The same reference numerals and symbols are used to designate the
same elements as those explained in the first embodiment, and
detailed explanation thereof will be omitted. In this embodiment, a
timing controller is different from the timing controller 10 of the
first embodiment. The other configuration is the same as that of
the first embodiment, and therefore, only the timing controller is
shown in FIG. 7.
[0063] The timing controller in this embodiment adjusts the
generation timing of a gate clock signal GCLK and a latch pulse
signal LP according to the number of clocks of an internal clock
signal ICLK corresponding to one frame cycle. For this purpose, the
timing controller has a counter 22A and a clock selector 24A in
place of the counter 22 and the clock selector 24 of the timing
controller 10 (FIG. 2) of the first embodiment. The timing
controller further has a frame blank detector 28A. The other
configuration is substantially the same as that of the timing
controller 10 of the first embodiment.
[0064] The frame blank detector 28A receives an enable signal ENAB
to detect a frame blank period existing in one frame period and
outputs a frame cycle signal FLP (pulse signal) in synchronization
with the detection timing of the frame blank period. Here, the
frame blank period is a period during which a data signal DATA
(picture signal) is not transmitted, in one frame period for
displaying one screen on a liquid crystal panel, and is a period up
to the start of outputting a data signal DATA of a next frame by a
personal computer connected to the liquid crystal display device
after it has outputted all the data signals DATA corresponding to
one frame. Since the frame blank period is detected once per one
frame period, the pulse generation cycle of the frame cycle signal
FLP indicates one frame period. Thus, the frame blank detector 28A
operates as a frame cycle detector that detects one frame cycle
based on the enable signal ENAB. Note that the number of pulses of
the enable signal ENAB generated during one frame period does not
change when the number of vertical lines (for example, 1024 lines)

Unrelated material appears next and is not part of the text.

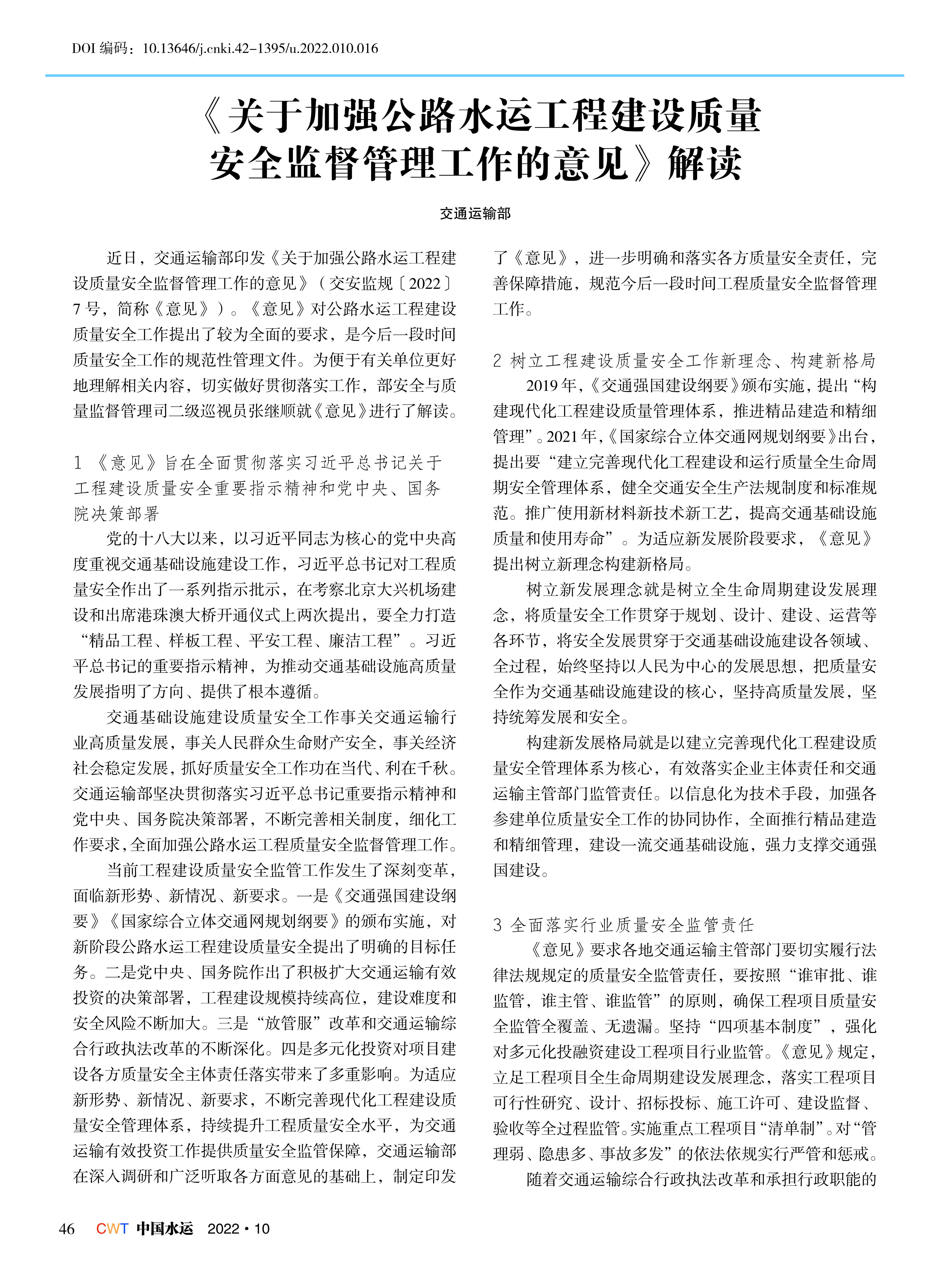 《关于加强公路水运工程建设质量安全监督管理工作的意见》解读
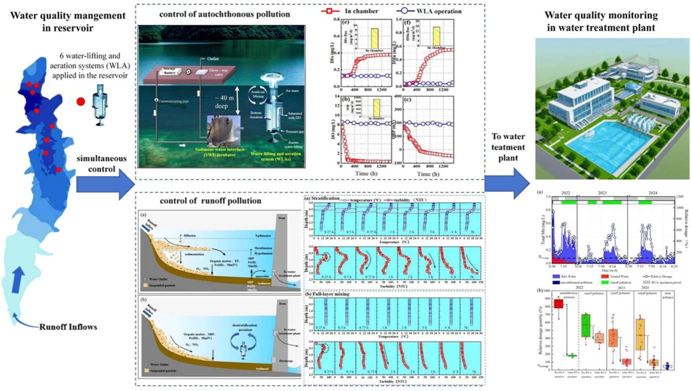 2026-01-13随着水库成为主要饮用水源,内源污染和径流污染已成为下游水处理厂水质周期性恶化的主要原因,实施原位水质改善措施已经至关重要。针对这一问题,本研究为期3年,评估了在水源水库中应用扬水曝气系统(WLA)作为预处理单元应对内源污染和径流污染的可行性,分析了其对下游水厂原水和处理水水质及投加氧化剂量的影响,并提供了实践指导。研究发现,热分层是驱动石砭峪水库内源污染和径流污染特征的核心环境因子,其引发的底层缺氧环境会导致沉积物中还原性污染物的释放。...

does not change. Therefore, the cycle of the enable signal ENAB can
be indirectly detected based on the detection of one frame cycle if
the frame blank period does not change.
[0065] The counter 22A counts the pulse generation cycle of the
frame cycle signal FLP outputted from the frame blank detector 28A
as the number of clocks of an internal clock signal ICLK, and
outputs a counter value CNT thereof as a count signal CNT. This
means that the counter value CNT indicates the number of clocks in
one frame period. The clock selector 24A (timing setting circuit)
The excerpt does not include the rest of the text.